Geometrically, each F_{i} defines a hypersurface; the intersection of these hypersurfaces should be V. The intersection of n − m hypersurfaces will always have dimension at least m, assuming that the field of scalars is an algebraically closed field such as the complex numbers. The question is essentially, can we get the dimension down to m, with no extra points in the intersection? This condition is fairly hard to check as soon as the codimension n − m ≥ 2. When n − m = 1 then V is automatically a hypersurface and there is nothing to prove.

== Examples ==
Easy examples of complete intersections are given by hypersurfaces which are defined by the vanishing locus of a single polynomial. For example,
$\mathbb{V}(x_0^5 + \cdots + x_4^5) = \text{Proj}\left(\frac{\mathbb{F}[x_0,\ldots,x_4]}{(x_0^5 + \cdots + x_4^5)}\right) \xrightarrow{i} \mathbb{P}^4_\mathbb{F}$
gives an example of a quintic threefold. It can be difficult to find explicit examples of complete intersections of higher dimensional varieties using two or more explicit examples (bestiary), but, there is an explicit example of a 3-fold of type $(2,4)$ given by
$\mathbb{V}(x_0^2 + x_1^2 + x_2^2 + x_3^2 + x_4x_5, x_4^4 + x_5^4 - 2x_0x_1x_2x_3).$

==Non-examples==

=== Twisted cubic ===
One method for constructing local complete intersections is to take a projective complete intersection variety and embed it into a higher dimensional projective space.

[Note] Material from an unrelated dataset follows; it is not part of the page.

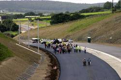A38 Dobwalls Bypass - August 2008- Charity walkIt has become a tradition to hold a charity walk along a new dual carriageway before it opens. Interserve in conjunction with Liskeard Lions and Rotary clubs have arranged for a charity walk along the 5km route on Sunday 10th August 2008. 3 walks were arranged and the rain held off all day for the walkers. The first walk of the day started at 9am. There was a tragic incident in the village the previous Thursday so before the walk strated we held a minutes silence in remembrance of Peter Seaman. Children from Dobwalls School started the walk by cutting the ribbon. We walk along the western carrigeway towards Moorswater. The second walk started at 11am. These pictures were taken from Coldwinds lane. For the third walk at 1pm, I stood on the new bridge at Havett Hill. Councillor George Hocking led the way on his electric wheelchair. We walked at 9am. The 1km point is beyond Havett Hill bridge. 2km is by the new bridge at Looe Mills junction. Michael Taylor from BBC Radio Cornwall was talking to walkers when the Cornwall Air Ambulance flew overhead. The Air Ambulance is one of the charities to benefit from the entrance fee for the walk. Water was available at the half way point by Moorswater. 3km is back by Looe Mills junction and 4km is at Petersfield. 5km is not to far from the finish and here is the proof we completed the route. More information and entry forms can be found on the Highways agency web site. |

A classic example of this is the twisted cubic in $\mathbb{P}_R^3$: it is a smooth local complete intersection meaning in any chart it can be expressed as the vanishing locus of two polynomials, but globally it is expressed by the vanishing locus of more than two polynomials. We can construct it using the very ample line bundle $\mathcal{O}(3)$ over $\mathbb{P}^1$ giving the embedding (Veronese map)
$\mathbb{P}_R^1 \to \mathbb{P}_R^3$ by $[s:t] \mapsto [s^3:s^2t:st^2:t^3].$
Note that $\Gamma(\mathcal{O}(3)) = \text{Span}_R\{s^3,s^2t,st^2,t^3 \}$. If we let $\mathbb{P}^3_R = \text{Proj}(R[x_0,x_1,x_2,x_3])$ the embedding gives the following relations:
$$\begin{align}
f_1 &= x_0x_3 - x_1x_2 \\
f_2 &= x_1^2 - x_0x_2 \\
f_3 &= x_2^2 - x_1x_3.
\end{align}$$
Hence the twisted cubic is the projective scheme
$\text{Proj}\left( \frac{R[x_0,x_1,x_2,x_3]}{(f_1,f_2,f_3)} \right).$

=== Union of varieties differing in dimension ===
Another convenient way to construct a non complete intersection, which can never be a local complete intersection, is by taking the union of two different varieties where their dimensions do not agree. For example, the union of a line and a plane intersecting at a point is a classic example of this phenomenon. It is given by the scheme
$\text{Spec}\left( \frac{\mathbb{C}[x,y,z]}{(xz,yz)} \right).$

==Multidegree==

A complete intersection has a multidegree, written as the tuple (properly though a multiset) of the degrees of defining hypersurfaces. For example, taking quadrics in $\mathbb{P}^3$ again, (2,2) is the multidegree of the complete intersection of two of them, which when they are in general position is an elliptic curve. The Hodge numbers of complex smooth complete intersections were worked out by Kunihiko Kodaira.

==General position==

For more refined questions, the nature of the intersection has to be addressed more closely. The hypersurfaces may be required to satisfy a transversality condition (like their tangent spaces being in general position at intersection points). The intersection may be scheme-theoretic, in other words here the homogeneous ideal generated by the F_{i}(X_{0}, ..., X_{n}) may be required to be the defining ideal of V, and not just have the correct radical. In commutative algebra, the complete intersection condition is translated into regular sequence terms, allowing the definition of local complete intersection, or after some localization an ideal has defining regular sequences.

==Topology==

=== Homology ===
Since complete intersections of dimension $n$ in $\mathbb{CP}^{n+m}$ are the intersection of hyperplane sections, we can use the Lefschetz hyperplane theorem to deduce that
$H^{j}(X) = \mathbb{Z}$
for $j < n$. In addition, it can be checked that the homology groups are always torsion-free using the universal coefficient theorem. This implies that the middle homology group is determined by the Euler characteristic of the space.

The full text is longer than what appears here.